Mr. Abdelrasool mentioned that the legal costs linked to all marketing activities, including Facebook pages, Instagram, websites, and other marketing efforts, are covered. He gave an example of a cyber-attack occurring, and the hacker takes control of the website and Facebook page, using them to attack or offend our competitors. If our competitors were to file a legal case against us due to this, the associated legal expenses would be covered.
He further stated: “Perhaps it’s the inherent risk; it’s cautious; it’s not a doubt; but we have a solution. Another important aspect we cover is reputation. In the event of an overt attack, the repetition is significantly better.”
A public relations firm may need to be hired to restore its reputation. “When a company’s reputation is impacted, it can take years to rebuild, so we also cover this. Interestingly, we are very discreet, making it a better deal.”
“A cyber-attack can disrupt business operations, either partially or fully. So, we cover your profit and operating expenses associated with your business’s partial or full shutdown until you regain your normal operations.”
Mr. Abdelrasool elaborated that cyber insurance is similar to other types of insurance and offers various coverage options. His company advises customers on the value chain of insurance and the importance of cyber insurance. A broker guides customers on what to purchase based on the policy’s minimum liability coverage. They pay up to a specific limit; any amount below this is the customer’s responsibility.
They work closely with customers, advising them on risk management and providing training tips, as education is crucial in this field. He added that they emphasize the importance of being cautious with messages and emails to prevent data leaks.
He highlighted that not only large businesses are targeted by cyber-attacks but also small and medium-sized enterprises (SMEs), which account for 50 percent of cyber-attacks globally. Therefore, businesses of all sizes need to be prepared for potential attacks.
Moreover, Mr. Abdelrasool also noted that not all hackers are professionals; some do it for fun or to prove themselves. Many hackers have psychological issues, and their motivations aren’t solely about money. They seek to demonstrate their ability to dominate and control.
On the other hand, Eng. Samah Khamis emphasized that technology companies need to acknowledge security as a priority. By recognizing this, they can develop strategies and make the necessary investments. Since 2017, Vodafone Egypt has been working on securing technology and services. The shift to digital has increased tax rates and the use of online services. Vodafone Egypt has tools to protect online transactions and understands that building this strategy is a continuous journey.
“Every organization must recognize the tangible threat of cyber risks and establish a robust cybersecurity strategy, reinforced by tools, resources, and a skilled workforce.” Eng. Khamis said.

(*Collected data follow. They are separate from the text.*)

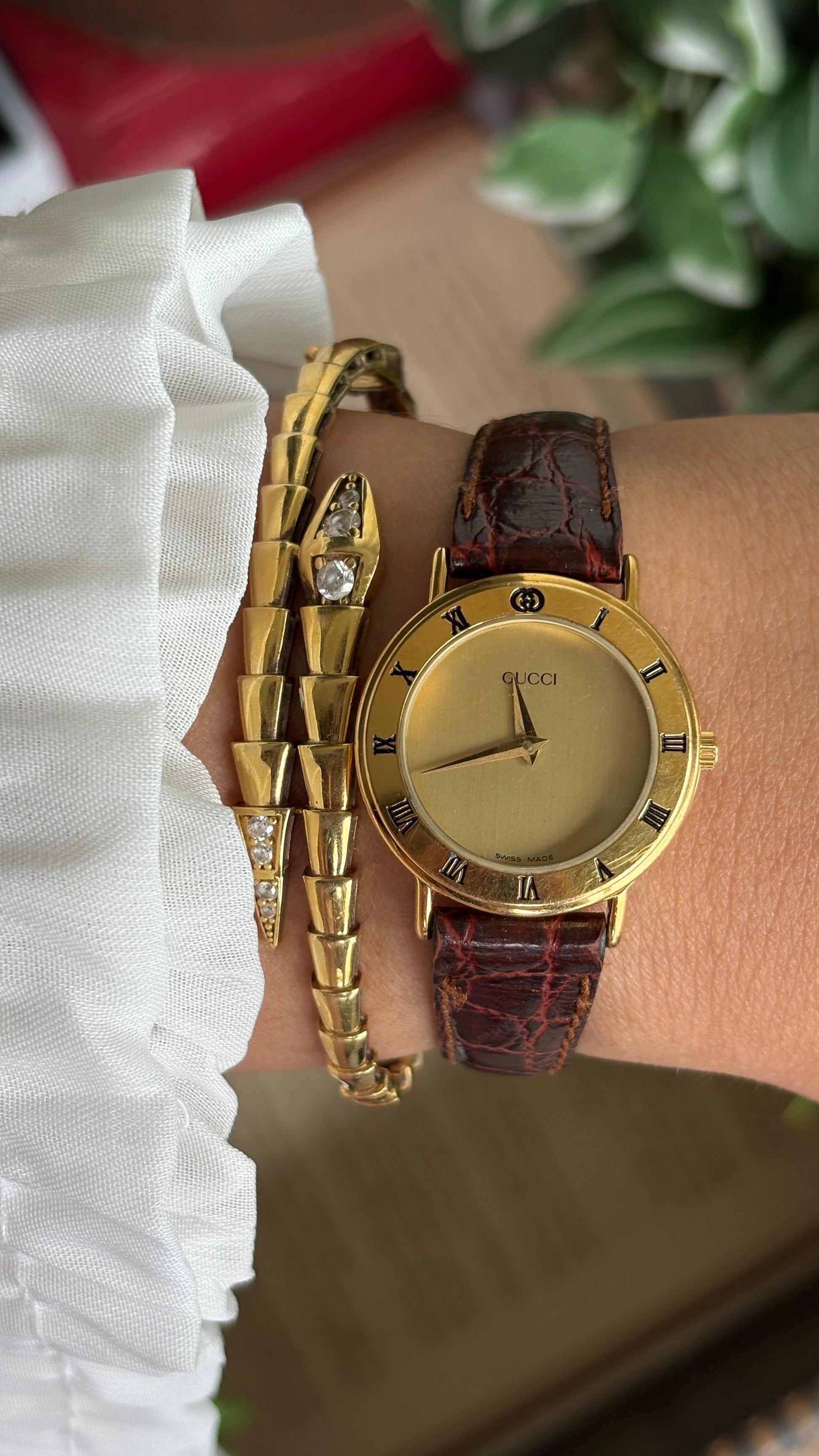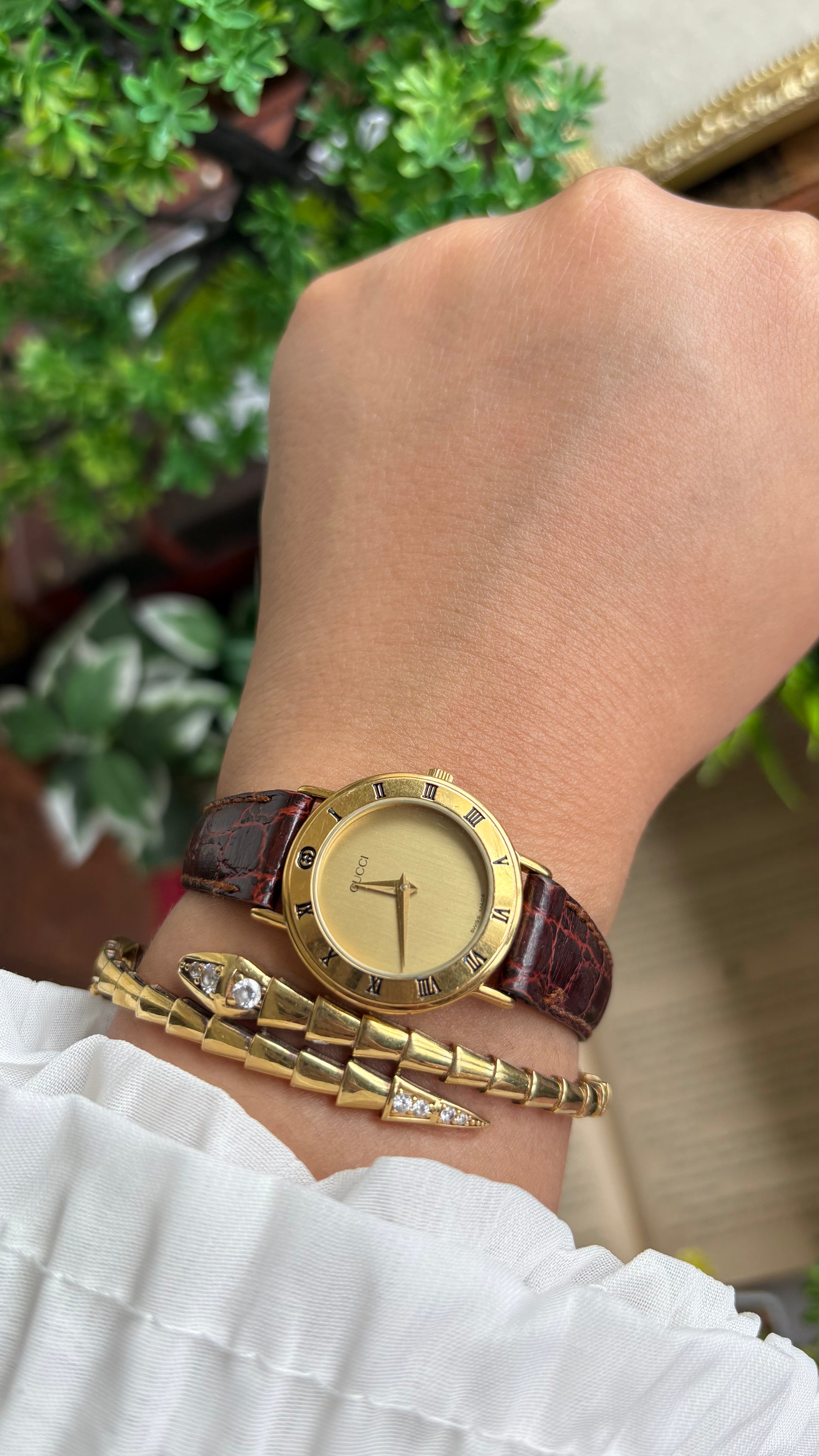Vintage Gucci Women’s Dress Watch in Brown Leather Strap Classic Roman Bezel
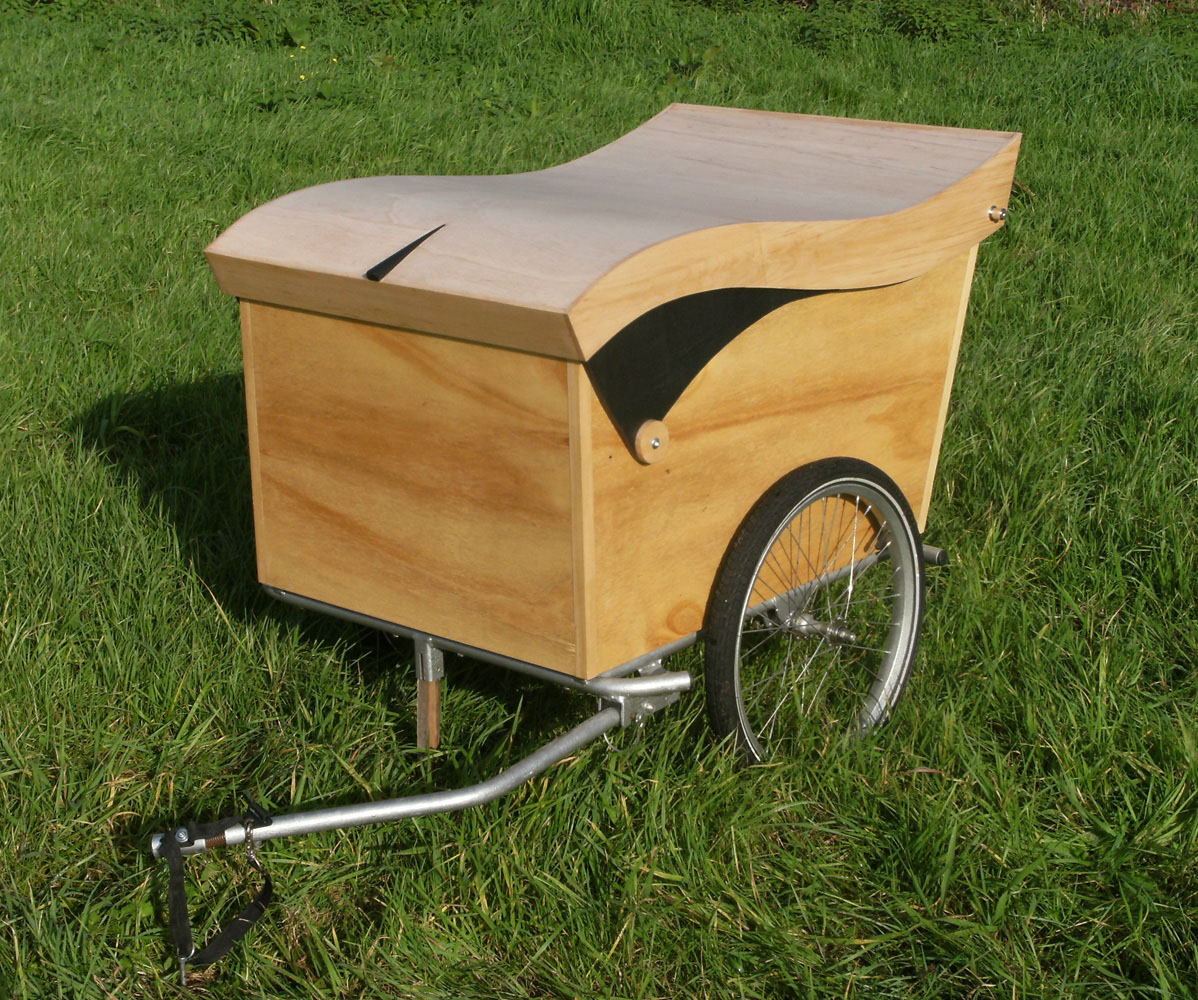Deze fietskar is gebouwd op een oud frame van een kinderfietskar gevonden bij het vuil. Om gewicht te besparen is gebruik gemaakt van 9mm plaatmateriaal, massief essenhout en buigbeuken. Het geheel is 3x afgelakt met een transparante lak. Totale gewicht is ongeveer 38 kilo. Scharnierende kap blijft openstaan zonder hulpmiddelen.Twee drukcilinders zorgen dat de kar afgesloten kan worden en dat de kap niet open kan springen tijdens het fietsen. De achterwand kan eruit geschoven worden om bijvoorbeeld langere voorwerpen te vervoeren.
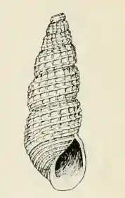 The subdiaphanous to milk-white shell is slender and has an elongate-conic shape. Its length measures 3.3 mm. The whorls of the protoconch are immersed, the last one only being visible. This is somewhat tilted and marked by three strong narrow spiral keels and many slender raised axial threads which cross the grooves between the keels. The six whorls of the teleoconch are well rounded, slopingly shouldered at the summit and separated by constricted sutures. They are ornamented by almost equal and equally spaced spiral keels and axial ribs between the sutures on the spire. There are 4 spiral keels on the first, second, and third whorls, 6 on the fourth, and 7 upon the penultimate whorl. The first of these keels is on the shoulder of the whorl near the summit and is somewhat less developed than the rest. The axial ribs are best developed on the early whorls, where they extend equally strong from the summit to the periphery ; on the antepenultimate and penultimate turns they become somewhat enfeebled from the middle of the whorl between the sutures to the periphery. There are about 16 of these ribs on the first, 18 on the third, 20 upon the fourth, and 22 upon the penultimate turn. The intersections of the ribs and spiral keels form low elongated tubercles, the long axis of which coincides with the spiral sculpture. The meshes enclosed by the keels and ribs are deeply impressed squarish pits. The periphery and the base of the body whorl well rounded, the latter somewhat inflated and marked by six spiral cords, which are successively closer spaced and a little less strongly developed from the periphery to the umbilical area. The channels between the cords are crossed by many very slender raised vertical threads. The aperture is oval, slightly effuse anteriorly. The outer lip is thin. The columella reinforced on its posterior two-thirds by the attenuated base, free and somewhat revolute anteriorly. The parietal wall is glazed by a thin callus.[4]
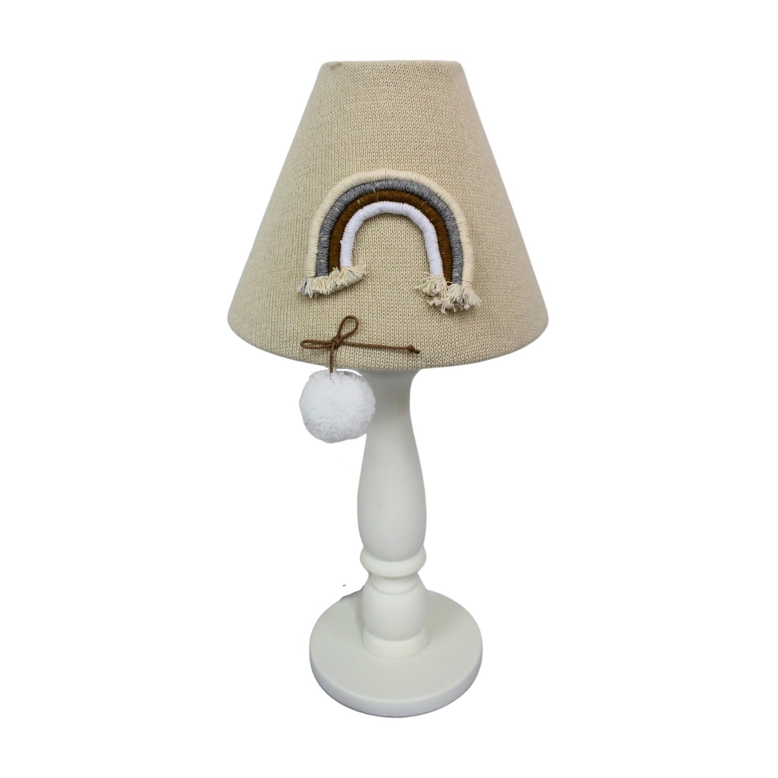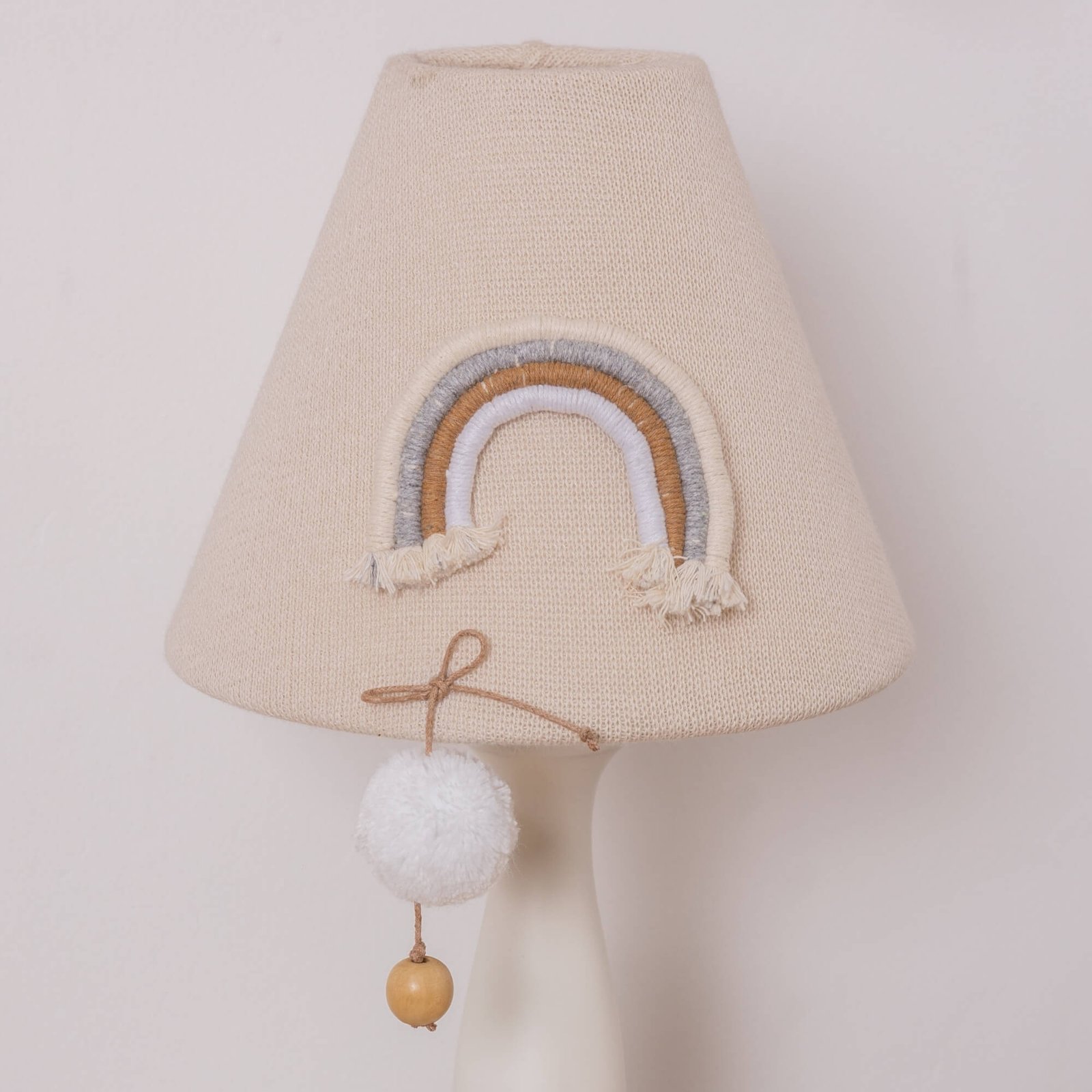 - 01 Abajur com base branca em MDF e cúpula revestida em linhão, com detalhe arco íris handmade em linha com pompom – 41cm x 21cm

She added that building secure systems is a continuous journey, not a quick fix. There is a global need for more security experts—however, Eng. Khamis is hopeful as more educational institutions are introducing cybersecurity and AI programs. She believes organizations are now prioritizing cybersecurity and implementing appropriate policies and strategies. She advises customers to consider the security measures of their service providers, especially in the digital world, to ensure the safety of their transactions and personal information.
She further stated that half of the attacks originate within the organization itself. “Therefore, it is not just about implementing the right tools, systems, and policies, but also about raising awareness among your people about the importance of using strong passwords.”
Mr. Karim Refaat concluded the panel by saying: “Empower organizations by boosting awareness of cyber threats and implementing strong cybersecurity strategies. Collaborate with insurance brokers, enhance education, and leverage innovation. In our digital era, acquiring international expertise is crucial to manage associated risks effectively.”